No ha llegado a serpiente de verano, pero casi. La autorización de venta de leche cruda por parte de la Generalitat catalana a mediados de julio ha provocado un aluvión de artículos y opiniones, algunos fundados y otros bastante menos.

La leche cruda, es decir tal cual sale de la vaca o de la oveja o de la cabra, es susceptible de causar diferentes infecciones, por lo que habitualmente se vende pasteurizada o tratada con el sistema UHT. Los de mayor edad recordarán cómo había que hervir la leche que se compraba en las vaquerías -cuando existían-; incluso se solía disponer de una cazuela especial para evitar que la nata la rebosara y se expandiera por toda la cocina.

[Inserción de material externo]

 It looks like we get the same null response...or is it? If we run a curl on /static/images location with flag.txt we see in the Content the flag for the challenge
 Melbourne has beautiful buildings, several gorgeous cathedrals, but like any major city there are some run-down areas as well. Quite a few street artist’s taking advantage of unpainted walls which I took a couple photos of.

Cierto es que el comercio de leche cruda está permitido en Francia e Italia, también que uno puede ingerir muchas almendras amargas -y morirse intoxicado-; recolectar setas venenosas y comérselas, una única vez, eso sí; o deleitarse con la toxicidad de las partes verdes de las patatas, ricas en solanina, cuyas efectos se amortiguan con el calor.

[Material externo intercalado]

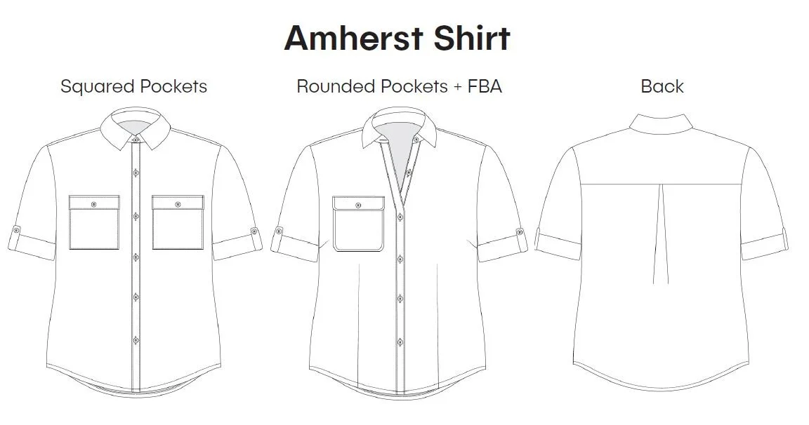 I know you’re going to be asking why you need Amherst. You might already own Cheyenne (also designed by Hey June), Archer, or another classic collared shirt pattern. I can only speak for Cheyenne as I own it and have made several versions. (You could say she’s my tried and true button up shirt and I haven’t needed to stray.) Cheyenne was drafted and graded in 7 sizes, XS (32” bust) to 2X (44” bust) while Amherst covers 13 sizes, 0 (33” full bust) to 24 (53” full bust) with a full bust adjusted front included. There’s likely some more specific drafting differences, but I’m not an expert on that by any means and therefore cannot comment. There are subtle, style differences one could modify another pattern to achieve (pockets, sleeve tab). Amherst has a more relaxed shape with an ever so slight drop to the shoulder. But, the most significant, in my mind, AND FUN (my mo, remember?) difference is the sleeve. Amherst has a unique, grown-on sleeve cuff which completely blew my mind and is rather cool to construct. As a process sewer, I live for trying new techniques and styles.

No es casual esta reivindicación del consumo, que coincide con otros mitos alimentarios como el absurdo rechazo al gluten o la lactosa por parte de personas perfectamente sanas.

Defiende uno que cada cual coma como quiera, asumiendo su responsabilidad. Si se atiborra a barbacoas -probado cancerígeno-, perfecto. Si se deleita con grasas trans, aceites de palma y demás, allá él con su salud. Si pasa de verduras, más habrá para quien las disfruta. ¿No somos un Estado de libre mercado?

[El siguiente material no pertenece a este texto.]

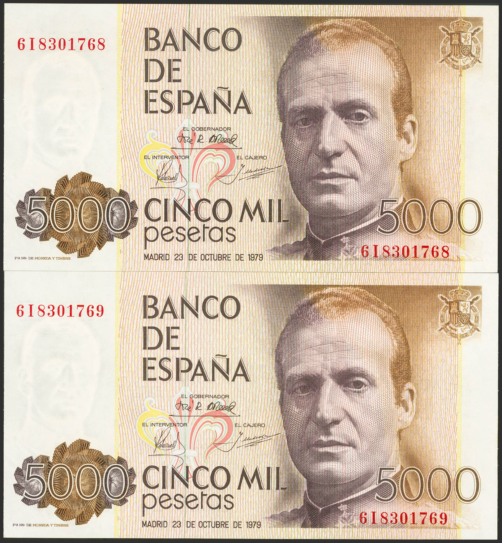 5000 Pesetas. 23 de Octubre de 1979. Pareja correlativa. Serie 6I. (Edifil 2023: 478a). SC.

Lo que sí se reclama desde aquí, dado que se ha roto la tradición alimentaria secular -la de hervir la leche, lavar las verduras, etc.- y que es la industria a través de diferentes mecanismos quien «enseña» a comer, es que el Estado, sí ese liberal, asuma su papel y auspicie esa educación alimentaria, nutricional, gastronómica, llámele como quiera, que ha desaparecido en las familias.

Y una vez informados, que cada cual se envenene como más le plazca -a sí mismo, no a segundos o terceros-, que para eso somos libremercadistas.